▶ _WORK ORDER_
Only the number is needed: count the lines below that hold the string "which".
--*--
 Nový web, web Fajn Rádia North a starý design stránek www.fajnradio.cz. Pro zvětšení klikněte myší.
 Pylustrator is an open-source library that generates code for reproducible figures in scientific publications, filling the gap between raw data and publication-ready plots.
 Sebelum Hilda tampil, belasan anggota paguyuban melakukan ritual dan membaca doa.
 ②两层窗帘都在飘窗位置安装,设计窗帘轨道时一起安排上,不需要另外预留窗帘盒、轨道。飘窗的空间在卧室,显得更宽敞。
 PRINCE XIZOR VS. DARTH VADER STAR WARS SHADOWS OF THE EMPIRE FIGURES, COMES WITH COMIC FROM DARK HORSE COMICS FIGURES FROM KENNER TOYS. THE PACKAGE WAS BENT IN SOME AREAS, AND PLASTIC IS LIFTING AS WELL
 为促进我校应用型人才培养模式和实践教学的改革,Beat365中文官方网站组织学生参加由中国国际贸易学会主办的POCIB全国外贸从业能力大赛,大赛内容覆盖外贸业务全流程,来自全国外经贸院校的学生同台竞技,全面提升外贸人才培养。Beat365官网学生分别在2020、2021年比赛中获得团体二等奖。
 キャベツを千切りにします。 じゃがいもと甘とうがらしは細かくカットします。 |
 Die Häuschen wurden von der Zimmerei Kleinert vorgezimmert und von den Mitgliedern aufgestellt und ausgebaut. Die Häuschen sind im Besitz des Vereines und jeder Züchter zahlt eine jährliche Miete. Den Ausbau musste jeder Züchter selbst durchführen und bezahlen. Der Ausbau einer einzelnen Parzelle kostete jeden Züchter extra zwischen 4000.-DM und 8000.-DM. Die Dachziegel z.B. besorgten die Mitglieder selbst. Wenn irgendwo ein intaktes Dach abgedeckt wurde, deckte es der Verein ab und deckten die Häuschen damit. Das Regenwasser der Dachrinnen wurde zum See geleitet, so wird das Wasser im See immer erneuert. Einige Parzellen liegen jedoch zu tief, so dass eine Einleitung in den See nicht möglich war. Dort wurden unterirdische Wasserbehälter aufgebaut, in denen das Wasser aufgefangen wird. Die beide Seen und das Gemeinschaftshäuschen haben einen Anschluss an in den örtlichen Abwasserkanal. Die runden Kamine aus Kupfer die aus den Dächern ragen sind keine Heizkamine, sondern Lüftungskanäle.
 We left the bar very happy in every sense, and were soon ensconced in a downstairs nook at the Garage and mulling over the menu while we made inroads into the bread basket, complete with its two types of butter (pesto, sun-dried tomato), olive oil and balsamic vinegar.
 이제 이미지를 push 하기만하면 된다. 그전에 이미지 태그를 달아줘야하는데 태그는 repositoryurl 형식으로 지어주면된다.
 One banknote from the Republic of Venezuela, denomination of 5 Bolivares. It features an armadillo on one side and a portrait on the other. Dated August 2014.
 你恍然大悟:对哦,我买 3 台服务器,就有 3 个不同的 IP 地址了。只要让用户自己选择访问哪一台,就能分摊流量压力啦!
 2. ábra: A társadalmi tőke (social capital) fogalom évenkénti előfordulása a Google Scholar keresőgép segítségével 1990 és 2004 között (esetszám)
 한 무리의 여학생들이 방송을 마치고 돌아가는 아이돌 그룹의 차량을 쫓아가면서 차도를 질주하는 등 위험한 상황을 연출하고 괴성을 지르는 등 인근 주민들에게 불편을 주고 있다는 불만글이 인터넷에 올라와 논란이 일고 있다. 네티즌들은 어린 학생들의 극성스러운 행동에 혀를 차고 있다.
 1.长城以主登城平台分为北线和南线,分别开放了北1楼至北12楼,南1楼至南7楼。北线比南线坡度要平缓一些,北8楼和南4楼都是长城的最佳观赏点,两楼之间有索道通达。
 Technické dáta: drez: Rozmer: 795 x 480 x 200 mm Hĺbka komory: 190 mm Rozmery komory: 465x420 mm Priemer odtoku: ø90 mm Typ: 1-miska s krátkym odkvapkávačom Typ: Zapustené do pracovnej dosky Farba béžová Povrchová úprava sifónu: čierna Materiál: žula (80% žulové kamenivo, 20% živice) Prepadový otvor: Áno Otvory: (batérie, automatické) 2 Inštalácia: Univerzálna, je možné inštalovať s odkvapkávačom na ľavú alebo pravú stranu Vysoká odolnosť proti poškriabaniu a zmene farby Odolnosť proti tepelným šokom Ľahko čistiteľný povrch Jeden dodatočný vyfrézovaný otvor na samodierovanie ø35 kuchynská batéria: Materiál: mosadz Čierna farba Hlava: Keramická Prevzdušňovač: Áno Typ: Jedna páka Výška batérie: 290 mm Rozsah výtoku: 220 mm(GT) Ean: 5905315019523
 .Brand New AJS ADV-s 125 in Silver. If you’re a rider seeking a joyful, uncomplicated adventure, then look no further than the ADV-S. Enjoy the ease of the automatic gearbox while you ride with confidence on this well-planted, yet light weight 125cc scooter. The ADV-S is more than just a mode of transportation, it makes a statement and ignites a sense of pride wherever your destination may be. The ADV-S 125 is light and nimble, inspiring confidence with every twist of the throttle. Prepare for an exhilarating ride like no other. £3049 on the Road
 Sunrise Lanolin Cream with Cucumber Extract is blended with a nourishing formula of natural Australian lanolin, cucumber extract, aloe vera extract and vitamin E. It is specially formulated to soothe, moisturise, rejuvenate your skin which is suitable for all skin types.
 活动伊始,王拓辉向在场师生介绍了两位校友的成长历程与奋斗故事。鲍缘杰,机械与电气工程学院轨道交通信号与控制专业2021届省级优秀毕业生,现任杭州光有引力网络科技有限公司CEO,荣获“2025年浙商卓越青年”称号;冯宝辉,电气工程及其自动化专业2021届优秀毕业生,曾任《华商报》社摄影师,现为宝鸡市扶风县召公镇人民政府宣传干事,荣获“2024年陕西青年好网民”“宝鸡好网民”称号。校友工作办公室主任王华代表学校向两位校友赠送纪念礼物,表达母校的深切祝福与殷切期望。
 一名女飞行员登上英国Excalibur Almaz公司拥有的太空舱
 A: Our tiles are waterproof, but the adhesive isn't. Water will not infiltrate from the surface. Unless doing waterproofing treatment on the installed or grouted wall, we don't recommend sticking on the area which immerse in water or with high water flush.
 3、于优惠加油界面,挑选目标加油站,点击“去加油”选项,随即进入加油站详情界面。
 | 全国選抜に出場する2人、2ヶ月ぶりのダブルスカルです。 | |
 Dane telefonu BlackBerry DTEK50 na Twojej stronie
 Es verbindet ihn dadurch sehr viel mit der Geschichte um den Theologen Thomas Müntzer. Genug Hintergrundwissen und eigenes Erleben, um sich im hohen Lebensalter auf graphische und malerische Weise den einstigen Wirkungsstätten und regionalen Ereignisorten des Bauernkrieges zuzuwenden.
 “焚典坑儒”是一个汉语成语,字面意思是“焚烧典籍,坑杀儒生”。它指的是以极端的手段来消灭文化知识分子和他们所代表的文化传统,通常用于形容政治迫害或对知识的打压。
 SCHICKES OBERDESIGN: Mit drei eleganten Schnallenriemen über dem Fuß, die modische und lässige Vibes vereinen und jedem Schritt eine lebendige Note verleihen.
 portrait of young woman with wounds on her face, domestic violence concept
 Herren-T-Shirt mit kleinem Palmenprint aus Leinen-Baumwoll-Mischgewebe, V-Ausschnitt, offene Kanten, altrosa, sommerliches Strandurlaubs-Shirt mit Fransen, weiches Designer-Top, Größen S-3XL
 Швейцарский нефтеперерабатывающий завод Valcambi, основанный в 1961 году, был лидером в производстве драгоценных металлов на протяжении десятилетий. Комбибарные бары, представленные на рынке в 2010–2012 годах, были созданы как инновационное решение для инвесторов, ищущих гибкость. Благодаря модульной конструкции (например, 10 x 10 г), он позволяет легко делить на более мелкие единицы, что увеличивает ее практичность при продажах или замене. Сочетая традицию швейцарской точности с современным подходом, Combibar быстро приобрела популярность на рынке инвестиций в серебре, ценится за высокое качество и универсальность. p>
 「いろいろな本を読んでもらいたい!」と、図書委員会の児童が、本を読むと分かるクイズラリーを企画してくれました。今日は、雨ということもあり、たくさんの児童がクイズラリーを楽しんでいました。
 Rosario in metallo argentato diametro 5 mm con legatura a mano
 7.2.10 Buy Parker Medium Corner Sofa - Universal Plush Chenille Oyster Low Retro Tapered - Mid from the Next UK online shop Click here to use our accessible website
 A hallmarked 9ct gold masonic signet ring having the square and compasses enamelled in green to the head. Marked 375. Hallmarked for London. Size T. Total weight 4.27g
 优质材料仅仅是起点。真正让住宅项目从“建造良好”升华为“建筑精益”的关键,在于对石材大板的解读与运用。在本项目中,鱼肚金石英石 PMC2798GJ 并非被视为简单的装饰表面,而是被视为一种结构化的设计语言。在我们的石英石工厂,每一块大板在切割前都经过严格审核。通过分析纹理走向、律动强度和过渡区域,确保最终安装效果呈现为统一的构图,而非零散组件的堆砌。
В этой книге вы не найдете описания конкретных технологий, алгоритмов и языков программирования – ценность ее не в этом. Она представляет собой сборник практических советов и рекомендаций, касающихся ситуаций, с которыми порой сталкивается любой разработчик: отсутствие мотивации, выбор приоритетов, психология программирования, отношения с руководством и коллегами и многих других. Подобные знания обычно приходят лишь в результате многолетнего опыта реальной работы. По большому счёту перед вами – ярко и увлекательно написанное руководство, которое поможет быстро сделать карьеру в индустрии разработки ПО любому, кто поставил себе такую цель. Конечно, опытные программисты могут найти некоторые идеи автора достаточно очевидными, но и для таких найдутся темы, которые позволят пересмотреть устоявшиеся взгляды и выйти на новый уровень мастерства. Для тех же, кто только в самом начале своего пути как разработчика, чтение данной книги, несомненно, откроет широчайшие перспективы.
--*--
▶ _EXERCISE RESULT_
2